Following the wharf and staying in the sunny 5-meter (15-foot) shallows we took in our first impressions of the dive site. Overall this section of Trinity Bay was darker and murkier than our previous shore dives in Conception Bay. Near the wharf, there was an abundance of kelp waving everywhere. There were also cheeky cunners acting like thieves. It was like being in a snowstorm but every flake was a silver-bodied fish. They loved to frolic in and out of the kelp pieces.
Apart from the flurry of cunners and kelp, there were also crabs, snails and sculpin. The creature lurked on the brown benthos in search of their next meal. I loved to watch them and it was not surprising that these scavengers were unaffected by my presence.
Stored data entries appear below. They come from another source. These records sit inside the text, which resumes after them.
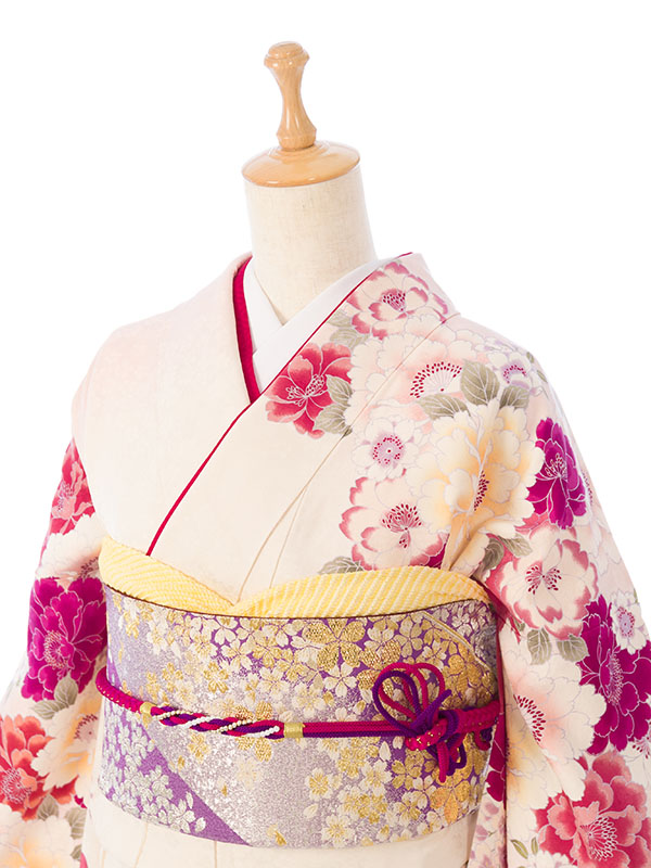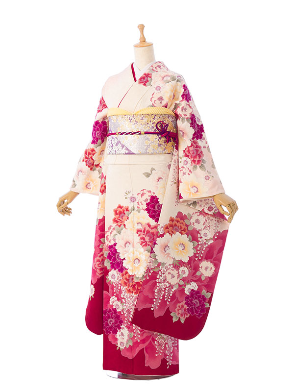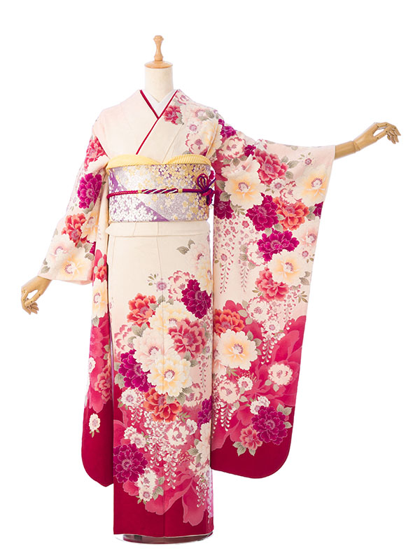振袖|白系|桜 牡丹 |6S718|対応身長:153-165cm|サイズ:7号-13号
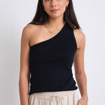 Cobble Navy Ecru Stripe Rib Cutaway Tank
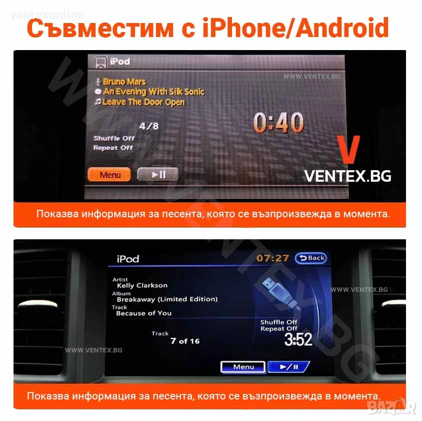 На екрана на автомобила се визуализира текущата песен (заглавие / изпълнител / трак).
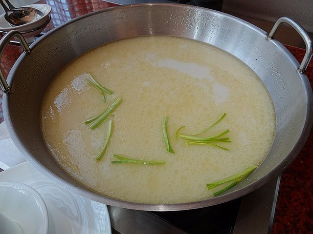 跟家人一起吃,点的是白汤锅底,是用骨头熬制的汤,浓浓的白汤,很鲜!
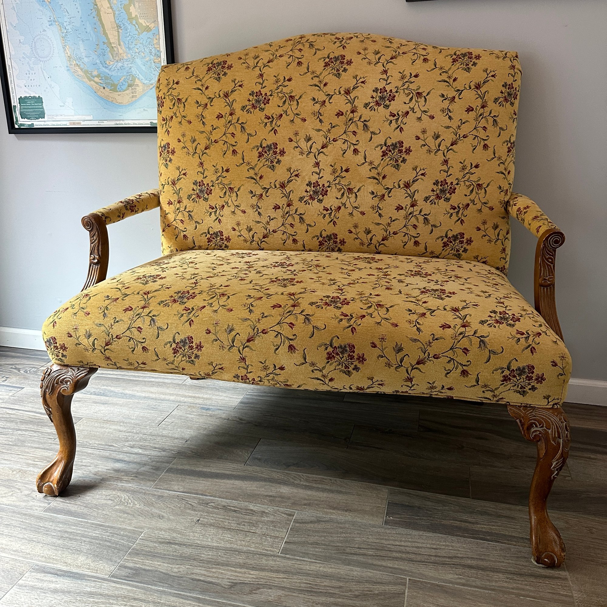 Lovely Yellow Floral Sofa With Wooden Legs (Entry - 62288)

As a notable diving location, thanks to the discarded whale bones, I’m sure these critters have had many-a-scuba diver encounters over the years.
As a dive site, Dildo was easy to navigate reaching depths of 20 meters (66 feet) of water. Leaving the shallows and the wharf we headed deeper in search of bones. The muddy escarpment tapered downwards. After what felt like ten minutes of swimming we found one.
It takes a few seconds to register what I’m floating beside – our first whalebone.
The bones were not what I expected. They were excessively porus – likely from microscopic bugs and worms. It reminded me almost of a sponge. I was surprised at how intact and white the bone appeared even after several decades underwater.
During the dive, Joey and I had the chance to find whale ribs, jawbones and vertebrates. All of the bones had become home to other marine life, over the course of time. It was a humbling experience to see and swim in this bone graveyard and imagine the mammoth-sized animal, from which they belonged.
I went scuba diving in a whale boneyard – now that’s something I never imagined myself saying!
While not the most visually stunning place in Newfoundland’s diving repertoire, Joey and I decided to scuba dive Dildo for the experience alone. I mean how many people get the opportunity to spend a dive finding the remains of giants. When in Newfoundland, it’s an opportunity that just can’t be passed up. And on our dive, we certainly found our fair share of whale bones.
On the whole, Newfoundland and Labrador was an amazing natural location ripe for diving. Although Dildo certainly didn’t rank at the top of the list in this province per se, when compared to other Canadian dive locations this scavenger hunt of a dive site was certainly appealing.
Have you ever visited an old whaling station? Have you ever gone scuba diving around an old whaling station? What did you think and see?